- **What the exercise asks**: Each entry should be given again exactly, with any image left out.

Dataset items
------------------------------------------------------------------------

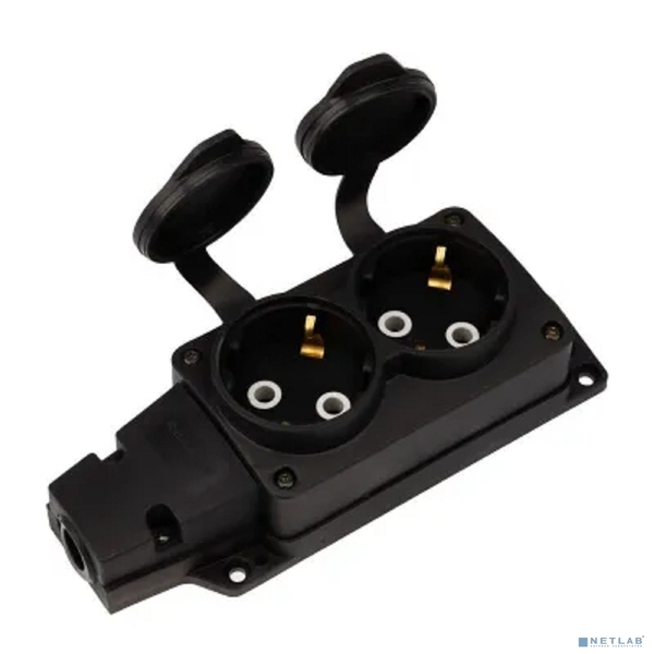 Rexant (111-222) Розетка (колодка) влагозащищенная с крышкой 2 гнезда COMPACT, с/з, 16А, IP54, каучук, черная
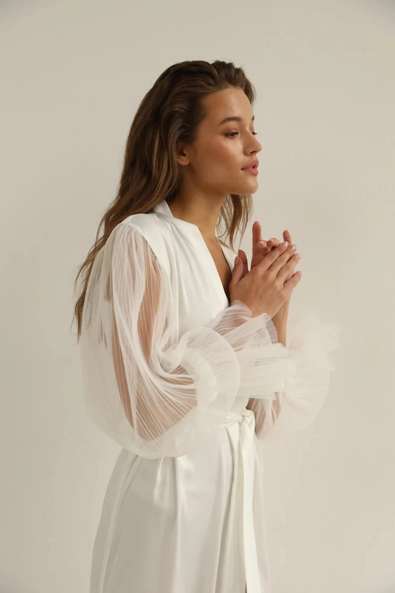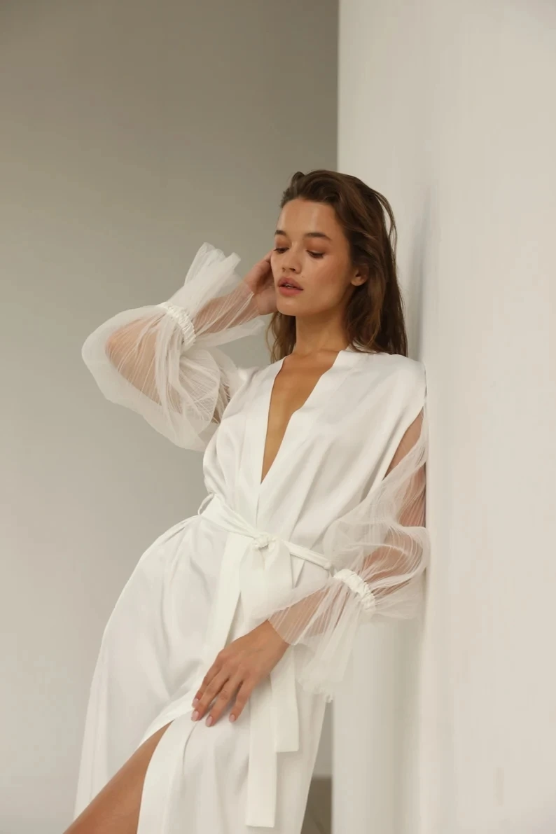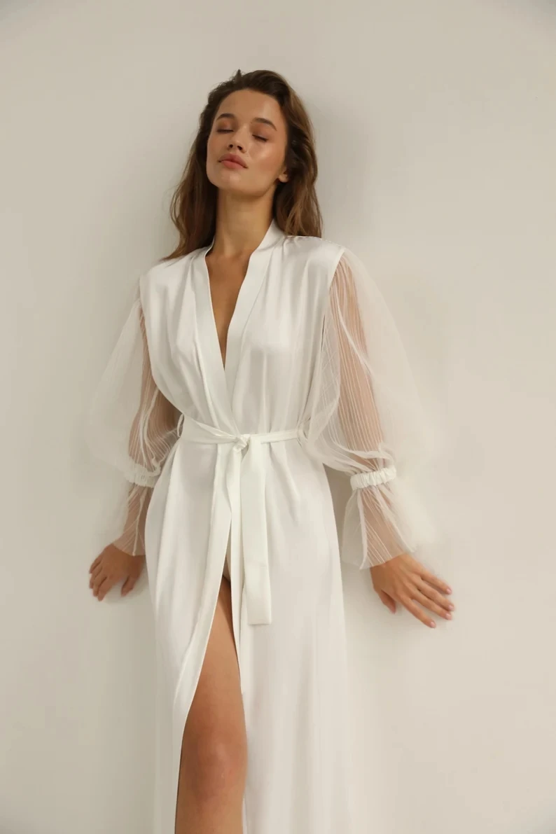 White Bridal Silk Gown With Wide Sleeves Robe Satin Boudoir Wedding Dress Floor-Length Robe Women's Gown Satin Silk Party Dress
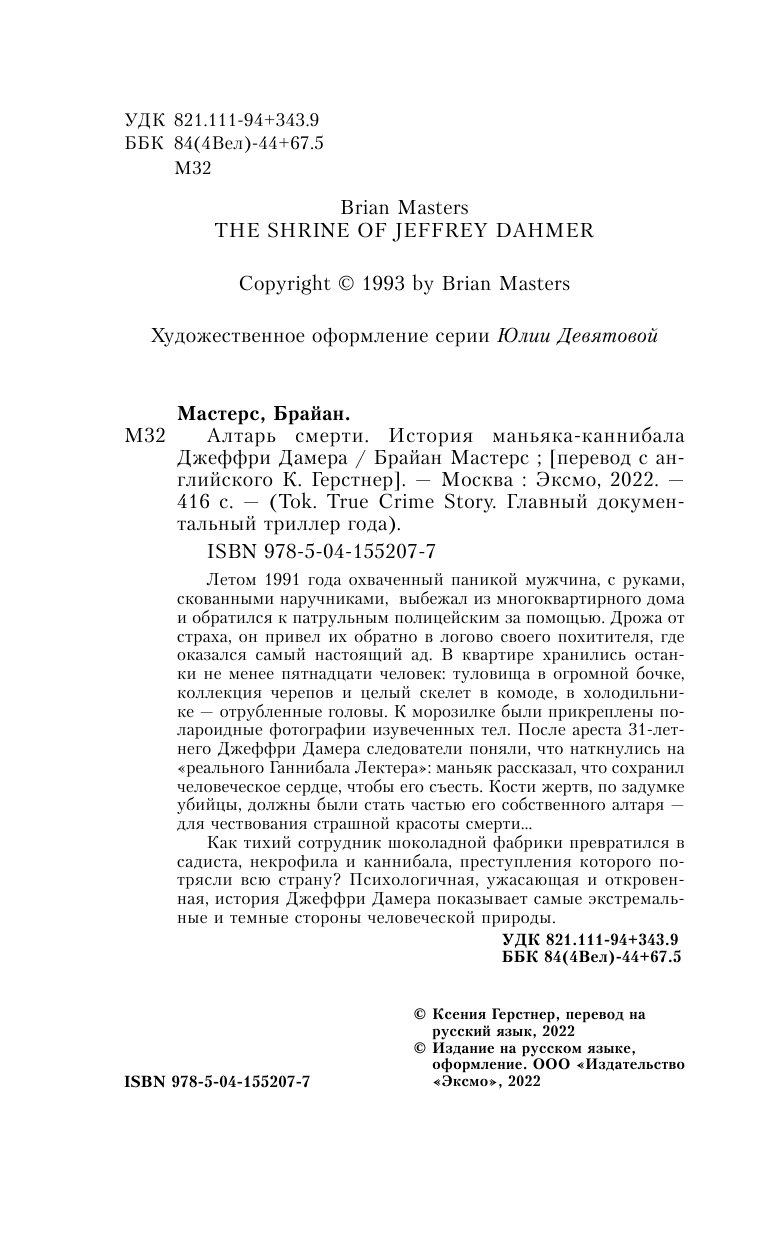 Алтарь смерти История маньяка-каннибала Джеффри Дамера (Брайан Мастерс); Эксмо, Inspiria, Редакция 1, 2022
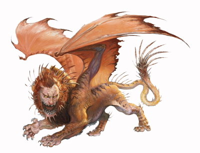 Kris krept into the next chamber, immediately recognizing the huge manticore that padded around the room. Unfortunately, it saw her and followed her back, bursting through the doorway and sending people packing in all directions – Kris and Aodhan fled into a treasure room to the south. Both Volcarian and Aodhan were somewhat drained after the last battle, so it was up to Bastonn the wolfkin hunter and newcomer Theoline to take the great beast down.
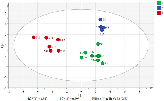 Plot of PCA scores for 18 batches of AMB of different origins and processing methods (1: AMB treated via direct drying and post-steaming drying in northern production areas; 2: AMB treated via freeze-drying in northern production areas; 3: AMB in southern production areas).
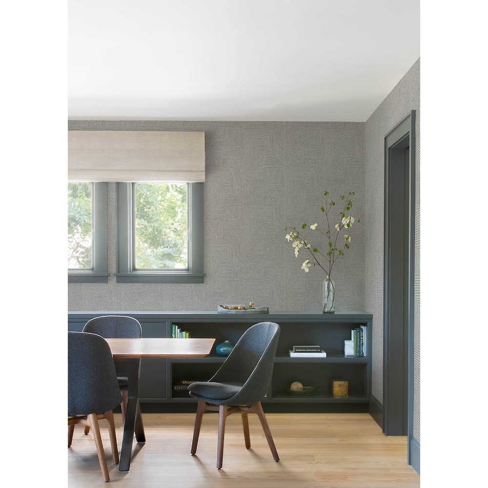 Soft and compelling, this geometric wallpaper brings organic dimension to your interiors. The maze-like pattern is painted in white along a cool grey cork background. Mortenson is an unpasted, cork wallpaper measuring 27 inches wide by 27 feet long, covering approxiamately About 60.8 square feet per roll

------------------------------------------------------------------------

- **Solution for this problem**:
 Rexant (111-222) Розетка (колодка) влагозащищенная с крышкой 2 гнезда COMPACT, с/з, 16А, IP54, каучук, черная
 White Bridal Silk Gown With Wide Sleeves Robe Satin Boudoir Wedding Dress Floor-Length Robe Women's Gown Satin Silk Party Dress
 Алтарь смерти История маньяка-каннибала Джеффри Дамера (Брайан Мастерс); Эксмо, Inspiria, Редакция 1, 2022
 Kris krept into the next chamber, immediately recognizing the huge manticore that padded around the room. Unfortunately, it saw her and followed her back, bursting through the doorway and sending people packing in all directions – Kris and Aodhan fled into a treasure room to the south. Both Volcarian and Aodhan were somewhat drained after the last battle, so it was up to Bastonn the wolfkin hunter and newcomer Theoline to take the great beast down.
 Plot of PCA scores for 18 batches of AMB of different origins and processing methods (1: AMB treated via direct drying and post-steaming drying in northern production areas; 2: AMB treated via freeze-drying in northern production areas; 3: AMB in southern production areas).
 Soft and compelling, this geometric wallpaper brings organic dimension to your interiors. The maze-like pattern is painted in white along a cool grey cork background. Mortenson is an unpasted, cork wallpaper measuring 27 inches wide by 27 feet long, covering approxiamately About 60.8 square feet per roll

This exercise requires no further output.